A trente-cinq ans, la jeune Maïwenn est une véritable aventurière. Elle ne reste que très rarement à la même place plus d'un mois mais a tendance à toujours revenir voir ses parents au domaine Zora. Même si sa vie n'est pas particulièrement bien organisée, elle lui permet une sacré liberté d'action et Maïwenn ne peut s'empêcher de la trouver passionnante. Elle découvre sans cesse de nouvelles choses sans pour autant en oublier tout ce qu'elle a déjà appris. Véritable nomade, il ne serait pas à exclure que vous la croisiez à Hyrule aujourd'hui et au village Cocorico demain. Fort de son caractère bien trempé, elle n'a jamais baissé les bras face aux obstacles et s'entête à aller toujours plus loin dans ses découvertes. Le monde possède encore des milliers de secrets qu'elle ne peut s'empêcher d'avoir envie de découvrir. Il s'agit d'une véritable passion pour elle, curieuse qu'elle est.

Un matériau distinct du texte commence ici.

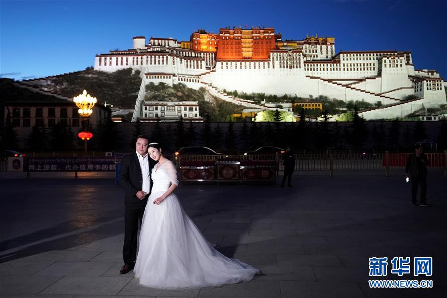 游客在布達(dá)拉宮廣場拍照(6月8日攝)。夜幕降臨,西藏拉薩布達(dá)拉宮燈光璀璨,夜景迷人。新華社記者詹彥攝
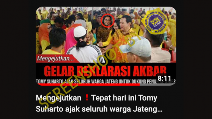 Kanal Youtube GARUDA POLITIK mengunggah video dengan klaim Tommy Soeharto mengajak seluruh warga Jawa Tengah untuk mendukung Anies Baswedan pada Pilpres 2024 mendatang. Dalam gambar pratinjau video, disebutkan bahwa Tommy menggelar deklarasi akbar untuk memberi dukungan penuh kepada Anies.
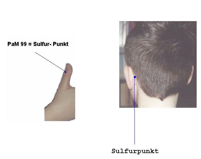 Punkt entspricht dem Punkt PaM 99. PaM 99 besteht aus 3 Punkten Der Sulfur- Punkt entspricht dem zweiten Punkt = in der Mitte des Daumensrückens, etwa 1 fen vom Nagel entfernt. Am Ohr entspricht der Sulfur-

QUE PENSES-TU DES RUMEURS CONCERNANT LE RETOUR DE GANONDORF ? ◭ Je m'y prépare depuis longtemps, je sais que le jour viendra où sa véhémence foulera à nouveau les terres du Royaume. Je sais qu'il ne s'agit peut-être que de rumeurs mais elles s'amplifient ces derniers temps et il faudrait être complètement fou pour ne pas y voir un signe. Je crains pour le Royaume d'Hyrule et je pense qu'il est de notre devoir à tous de commencer à préparer cette guerre du mieux possible.

SI CES RUMEURS S’AVÈRENT ÊTRE VRAIES, AIDERAS-TU LE ROYAUME OU TE RALLIERAS-TU A GANONDORF ? ◭ La question ne se pose même pas. Il y a de ça longtemps, j'ai épousé le Royaume d'Hyrule en foulant pour la première fois les terres hors du domaine Zora. Depuis, je sais que ma place est ici et que mon devoir est de mettre toutes mes forces à l'exercice du bien. Je suis de celles qui feront la fierté de la princesse et qui combattront à ses côtés.

QUEL EST TON AVIS SUR LA PRINCESSE ACTUELLE ? ◭ Zelda est une princesse adorable, jeune et talentueuse, j'en suis persuadée. Si son côté fougueux et impulsif dérange la plupart des citoyens, il ne faut pas oublier son âge et prendre en considération son manque, évident, de liberté. La pauvre est cloîtrée entre les murs de son château depuis trop longtemps, elle a besoin d'exprimer sa jeunesse. C'est de notre devoir de lui pardonner ses mauvaises décisions et de l'aider à mener à bien l'exercice de ses fonctions en tant que reine.

QUEL EST TON AVIS SUR LES GERUDOS ? ◭ Elles sont vulgaires, pour le peu que j'ai eu l'occasion d'en voir. Toujours très peu habillée et au vocabulaire assez limité, je trouve ces bonnes femmes assez simplistes et provocantes. Je ne les aime pas, peut-être parce qu'elles représentent tout ce que je n'aurai jamais osé être ou peut-être tout simplement parce que j'estime qu'il y a un minimum de savoir-vivre à avoir. Toujours est-il que les Gerudos ne sont pas des personnes sur lesquelles je sais pouvoir compter. Qui plus est, tout porte à croire qu'elles rallieront les forces de Ganondorf en cas de guerre.